* EXERCISE DETAILS
Among the lines below, a stretch begins at the one with "姑溪河特大橋全長1179米,為項目關鍵控" and ends at the one with "เจ็บใจมาก เลยโทรไปให้ Dtac". Repeat that stretch exactly, ends included.

* DATASET ENTRIES
..........

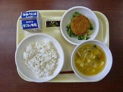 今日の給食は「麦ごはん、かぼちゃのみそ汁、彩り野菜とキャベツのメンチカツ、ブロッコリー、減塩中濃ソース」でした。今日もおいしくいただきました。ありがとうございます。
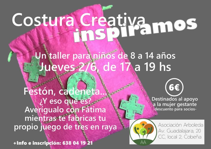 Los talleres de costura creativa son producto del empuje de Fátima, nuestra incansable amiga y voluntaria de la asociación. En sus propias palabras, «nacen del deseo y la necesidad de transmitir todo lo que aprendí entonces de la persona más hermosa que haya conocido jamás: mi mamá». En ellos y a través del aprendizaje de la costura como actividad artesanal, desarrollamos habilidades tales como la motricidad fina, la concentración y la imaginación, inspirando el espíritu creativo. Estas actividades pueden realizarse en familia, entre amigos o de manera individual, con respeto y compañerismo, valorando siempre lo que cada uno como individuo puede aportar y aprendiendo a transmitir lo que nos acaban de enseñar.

..........

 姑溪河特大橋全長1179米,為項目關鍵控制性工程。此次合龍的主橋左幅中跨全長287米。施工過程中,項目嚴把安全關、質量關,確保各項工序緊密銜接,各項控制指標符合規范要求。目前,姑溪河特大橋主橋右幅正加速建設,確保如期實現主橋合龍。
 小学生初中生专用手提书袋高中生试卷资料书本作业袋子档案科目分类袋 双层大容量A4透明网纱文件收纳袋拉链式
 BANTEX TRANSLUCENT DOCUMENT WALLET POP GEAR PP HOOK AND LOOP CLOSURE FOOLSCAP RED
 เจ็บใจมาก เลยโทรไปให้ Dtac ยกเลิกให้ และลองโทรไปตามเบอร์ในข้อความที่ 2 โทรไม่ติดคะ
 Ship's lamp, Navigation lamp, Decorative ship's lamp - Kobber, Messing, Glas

..........

* TASK SOLUTION
 姑溪河特大橋全長1179米,為項目關鍵控制性工程。此次合龍的主橋左幅中跨全長287米。施工過程中,項目嚴把安全關、質量關,確保各項工序緊密銜接,各項控制指標符合規范要求。目前,姑溪河特大橋主橋右幅正加速建設,確保如期實現主橋合龍。
 小学生初中生专用手提书袋高中生试卷资料书本作业袋子档案科目分类袋 双层大容量A4透明网纱文件收纳袋拉链式
 BANTEX TRANSLUCENT DOCUMENT WALLET POP GEAR PP HOOK AND LOOP CLOSURE FOOLSCAP RED
 เจ็บใจมาก เลยโทรไปให้ Dtac ยกเลิกให้ และลองโทรไปตามเบอร์ในข้อความที่ 2 โทรไม่ติดคะ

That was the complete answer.